TÜİK verileri iki senaryo yazdırdı
Bu hafta içinde yılın ilk 9 ayında ruhsat verilen daire sayısı açıklandı. Verilere göre 1milyon 106 bin yeni daire ruhsat aldı. Bu sayı geçen yıla göre yüzde 57'lik gibi tarihi bir artışı getiriyordu. Bu artışta tabii ki 1 Ekim başlayacak olan yeni imar yönetmeliğinden etkilenmek istemeyen müteahhitlerin başvuruları çok büyük rol oynadı. Bu projelerin önemli bir bölümü 1.5 ila 3 yıl içinde piyasaya sunulmuş olacak. Ancak her halükarda bu artışın Türkiye’de zaten var olan 600 bin konut stokuna yeni eklemler getirmesi olası. Bu nedenle sektörün burada nasıl bir yol izleyeceği önemli.
Sektör firmaları ise bu hızlı artışı şöyle değerlendiriyorlar. Öncelikle Türkiye bir deprem ülkesi ve bu nedenle bu yenilemeler olumlu olacak. Ayrıca binaların hayata geçeceği 2018 ve 2019 yıllarında hem Türkiye’de hem de çevredeki koşulların daha iyi olacağı inancından dolayı firmaların proje yapma isteği devam ediyor.
Ancak ikinci senaryo olumsuz.
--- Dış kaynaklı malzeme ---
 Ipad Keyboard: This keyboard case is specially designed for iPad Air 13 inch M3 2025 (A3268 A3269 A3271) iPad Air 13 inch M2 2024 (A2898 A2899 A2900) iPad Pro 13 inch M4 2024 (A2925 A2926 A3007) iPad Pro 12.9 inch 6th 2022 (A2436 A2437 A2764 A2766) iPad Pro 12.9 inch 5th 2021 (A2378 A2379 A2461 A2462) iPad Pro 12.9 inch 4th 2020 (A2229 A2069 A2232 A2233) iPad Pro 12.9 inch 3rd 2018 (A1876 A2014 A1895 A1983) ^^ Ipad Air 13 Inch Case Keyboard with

Bu artışın zorda olan bazı firmaların bilançolarının daha kötüye gidişini engellemek için ardı ardına yeni projelere girmesinden kaynaklandığını kaydediyorlar.
Bu nedenle bir dönem Fi Yapı gibi firmalarda yaşanan iflaslar gibi sektörde büyük iflaslar olma ihtimalinden bahsediliyor.
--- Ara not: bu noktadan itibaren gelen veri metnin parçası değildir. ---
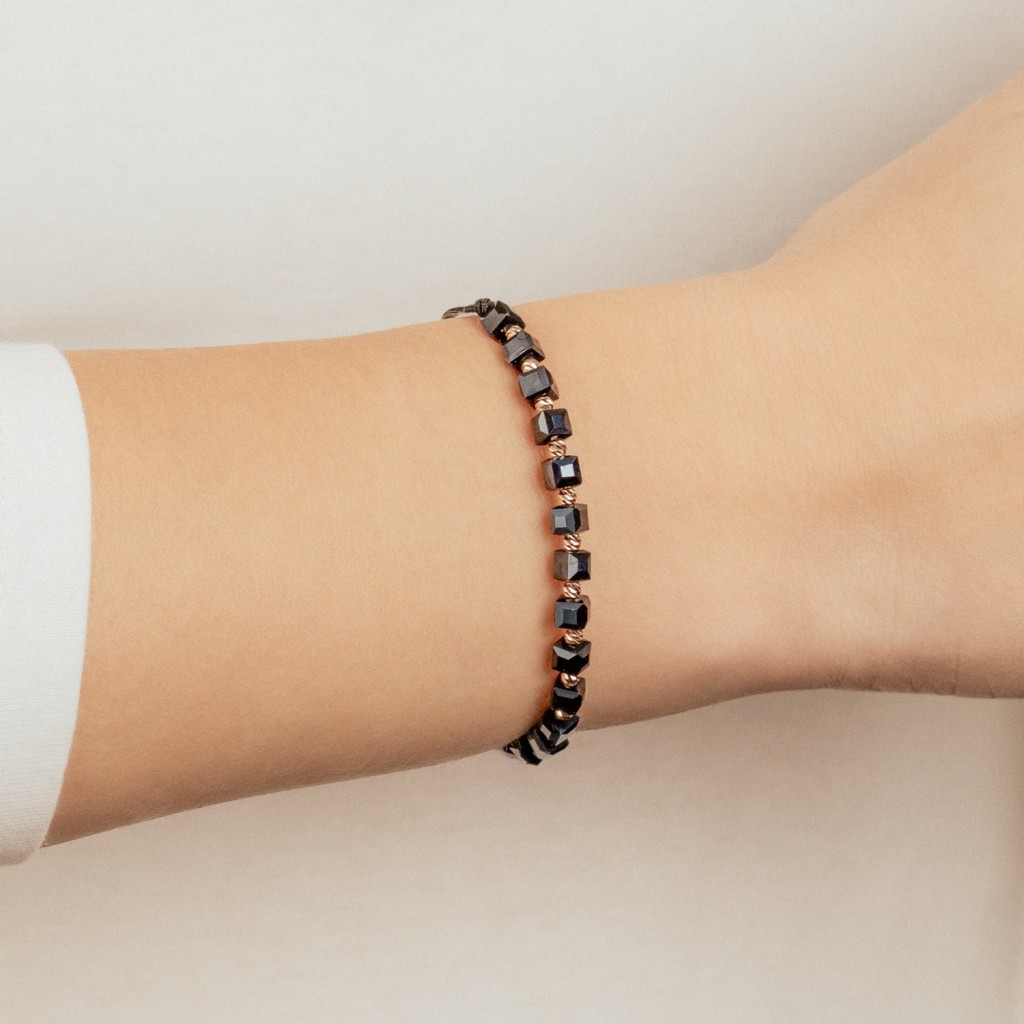 Melnu Dienu Rokassrpādze Ar Zeltu Un Hematītiem

Vatandaş kendini nasıl koruyabilir?
Bu anlamda vatandaşın süreçten zarar görmemesi için konut alacağı firmanın bilançolarını görmesi önemli. Bunun için de bir dönem konuşulan bilançoların internet üzerinden yayınlanması belki zorunlu hale gelebilir. Devlet bu noktada sektörde daha büyük sorunların yaşanmaması için firmalara yeni başlayacakları projeler için teminat mektubu zorunluluğu getirerek sektörde mağduriyetleri önleyebilir.
Ayrıca yabancıya gayrimenkul satışının ihracat kapsamına alınıp bu açıdan sektörün desteklenmesi de dile getirilen bir diğer konu.
Gayrimenkul fuarları neden kan kaybediyor?
Türkiye'de gayrimenkul sektörüyle ilgili birçok zirve yapılırken, sınırlı sayıda fuar gerçekleştiriliyor. Zirvelere ilgi devam ederken, Türk firmalarının fuarlara katılımının son iki yıldan bu yana giderek düştüğü dikkat çekiyor. Aynı tablo bu yıl Yeşilköy'de 5'incisi yapılan Gayrimenkul Fuarı'nda yaşandı. Geçen yıl 4'e yakın holde boy gösteren fuar bu yıl ise 2 holde yapıldı. Sektörün büyük oyuncuları da fuarda yoktu. Aslında bu sadece yurt içiyle sınırlı bir durum değil. Buna benzeyen bir durumu Fransa'daki MIPIM ve Dubai'deki Citys Cape gibi uluslararası fuarlarda da gözlemledim. Tabii ki sektörün son zamanlarda yaşadığı ekonomik sıkıntılar firmaların bu tarz organizasyonlara katılma isteğini düşürüyor. Ayrıca fuarların yurtdışında ve yurtiçinde yeterince tanıtılmamasını da katılımcı sayısını düşüren bir etken olarak söylemek gerek.